Class Of 1984 Movie Review
New music teacher Andrew has arrived at a very dangerous inner-city high school with hopes of inspiring students to new heights of excellence. Fat chance in a school that's under constant threat from a small but wonderfully stylish and truly threatening gang led by the charismatic Stegman (Timothy Van Patten). It just so happens that he's a talented musician, but he's also a psychopath, and that side of his personality is the dominant one. Van Patten is extremely effective and really scary as Stegman. The fact that the movie has a cult following to this day is due mainly to his performance.

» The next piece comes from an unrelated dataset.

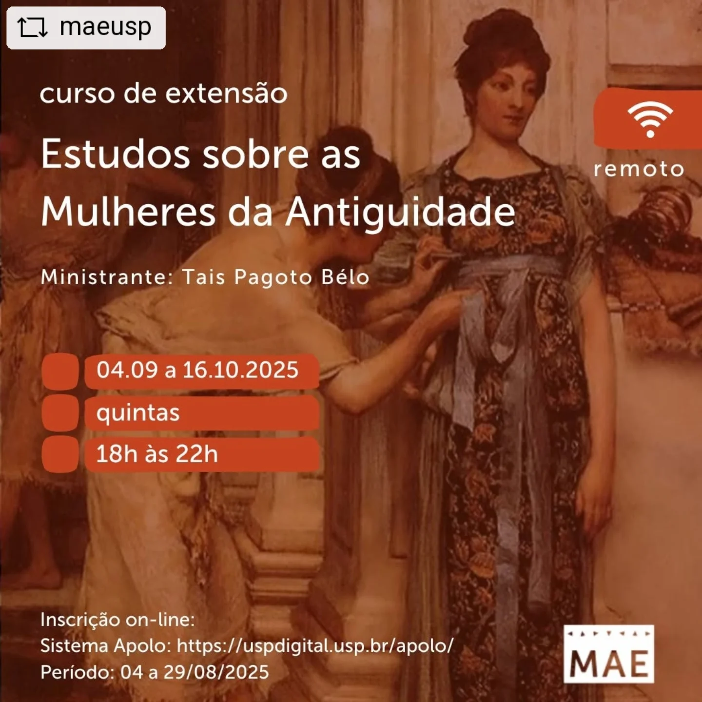 O curso de extensão "Estudos sobre as Mulheres da Antiguidade", promovido pela Universidade de São Paulo (USP) por meio do MAE-USP, será realizado de 4 de setembro a 16 de outubro de 2025, sempre às quintas-feiras, das 18h às 22h, em formato remoto. A formação será ministrada por Tais Pagoto Bélo e busca introduzir noções básicas dos estudos de gênero, com foco na representação e atuação da mulher na História e na Arqueologia.

Andrew tries to make nice with Stegman and his cronies, but his advances are met with derision and later violence. Even Andrew's pregnant wife Diane (Merrie Lynn Ross), supposedly safe at home, will know the gang's wrath before this horror show ends.
Also meeting an ugly fate is a very young and pleasantly plump Michael J. Fox, a nerdy school band member named Arthur (natch) who gets a knife in the gut when Stegman tries to reassert his authority in the hallways. This cinematic Trivial Pursuit moment is well worth the price of a rental. Take that, you chubby nerd!

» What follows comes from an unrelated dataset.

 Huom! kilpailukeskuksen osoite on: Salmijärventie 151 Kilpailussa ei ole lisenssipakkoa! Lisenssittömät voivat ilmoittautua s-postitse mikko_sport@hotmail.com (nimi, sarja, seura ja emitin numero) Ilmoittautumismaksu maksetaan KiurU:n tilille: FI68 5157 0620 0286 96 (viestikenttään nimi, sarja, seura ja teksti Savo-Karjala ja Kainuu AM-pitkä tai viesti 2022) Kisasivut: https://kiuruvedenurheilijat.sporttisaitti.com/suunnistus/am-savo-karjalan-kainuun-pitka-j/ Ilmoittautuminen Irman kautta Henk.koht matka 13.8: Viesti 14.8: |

The movie's other truly memorable moment involves the late, great Roddy McDowell as Mr. Corrigan, the biology teacher. The horrors of this high school have done a number on Corrigan; as the movie progresses he goes perfectly berserk. In a climactic scene he decides to teach his science class while pointing a loaded pistol at his students. The punishment for a wrong answer... blammo! Personal aside: When I saw this movie on the big screen as a teen back in 1982, I thought this was just about the coolest -- and funniest -- scene ever, and in the years since I've mentioned it to many teacher friends of mine. "I wish," is their usual response.
Of course, the years since 1982 have shown us that leather-clad punks are the least of our worries when it comes to high school violence. The Columbine killers could have and probably would have taken out Stegman just as easily as Arthur. It's sad, really, that a movie deemed horrific enough to be banned in several countries 25 years ago seems almost naïve by today's standards. Alice Cooper penned the movie's theme song, "I Am the Future," but the future has turned out to be a lot more dangerous than his power chords and Stegman's knife.
The DVD includes a featurette with the obvious title of "Blood and Blackboards" and commentary from director Mark Lester.